2. It's easy to build. It does not require creating any new curriculum. However, it is NOT easy to implement, since it requires that teachers track and manage kids who are at different points in the curriculum. That's why it keeps failing. (Side note: English classes already allow a degree of self-pacing by allowing kids to read books at their own level, supported by a children's literature with reading-level-graded books. So it IS possible to allow self-pacing and still have the benefits of group interaction.)
3. It's easy to sell. This I think is the biggest reason this keeps coming up. I think that deeper solutions like group projects, group discussion of hard meaningful problems, etc. are far more important than just adding a variable speed knob to the assembly line, but these sorts of reforms directly challenge conventional ways of teaching math, and create a lot of resistance among teachers and administrators. So the easiest thing to sell is "let's do exactly the same thing, but allow variable pacing."
4. BUT it doesn't actually fix the problem. In the long run, doing the same thing faster is exactly what gets our society into trouble, whether we're talking about math education, energy use, global warming, or income disparity. One way or another we do need to do things very differently.
SO, I consider that the challenge for us math revolutionaries is to find ways to sell a deeper better solution in a way that it gets adopted and absorbed, not diluted and rejected.
The follow-on questions to your question are then:
Why do math reform efforts keep failing?
I've lived through New Math, Back to Basics, and Common Core, and all three have big obvious flaws in their conception or execution. The net result is mass PTSD around math education reform.

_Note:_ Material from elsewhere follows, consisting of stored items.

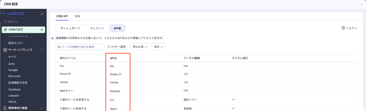 また、タブと項目には API名 という識別子が付いています。Zoho CRM の管理画面「設定 > 開発者向け情報 > API と SDK」で等タブの一覧と各タブに対応する項目一覧のAPI名を確認できます。a-blog cms 側の設定でこのAPI名を使う場面があるため、確認方法を覚えておいてください。
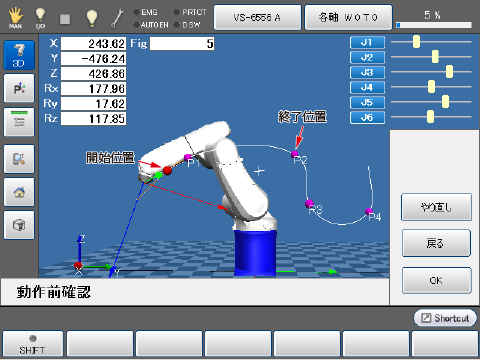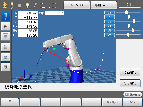 | 自由選択 | 原点番号から目標位置を指定します。 軌道上の水色の丸が復帰位置になります。 |
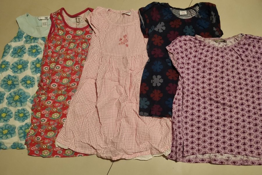 Paket med tre klänningar och två tunikor, str 110-116
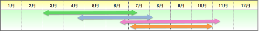 | 播種期 | 定植期 | 収穫期 | 出荷最盛期 |

How can we create a successful math reform movement?
This is what interests me, and I infer, interests you.
Thanks for your leadership. I'm going to start a substack where I write about these issues directly.
The problem with maths eduction is it has to submit to a syllabus. I’m teaching myself and I use a non linear approach using hyperlinks.
This means that I’ll embark on a maths journey say Bayes Theorem and I’ll use a book on that subject and when I hit a brick wall (an area of maths I’ve forgotten or not familiar with) I backtrack, learn what needs to be learned and then move on.
I try to stay in the real world and apply what I’ve learned to pragmatic problems as soon as possible. Some websites use a form of hyperlink such as Maths Is Fun. I think hyperlinking could be used more extensively where at every step the student is presented with various options which take them on different routes. These routes can also be tailored to the desired outcomes of the student.
Unfortunately this type of study only works for the individual as opposed to the one-size-fits-all classroom education which is dependent on whatever syllabus demands of it. Also formal maths education is often divorced from reality to a large extent and only appeals to those type of students that enjoy theory as opposed to application in the real world. I suspect the formal classroom way of education does not encourage those that approach maths in a different way which may be a loss ot mathematics.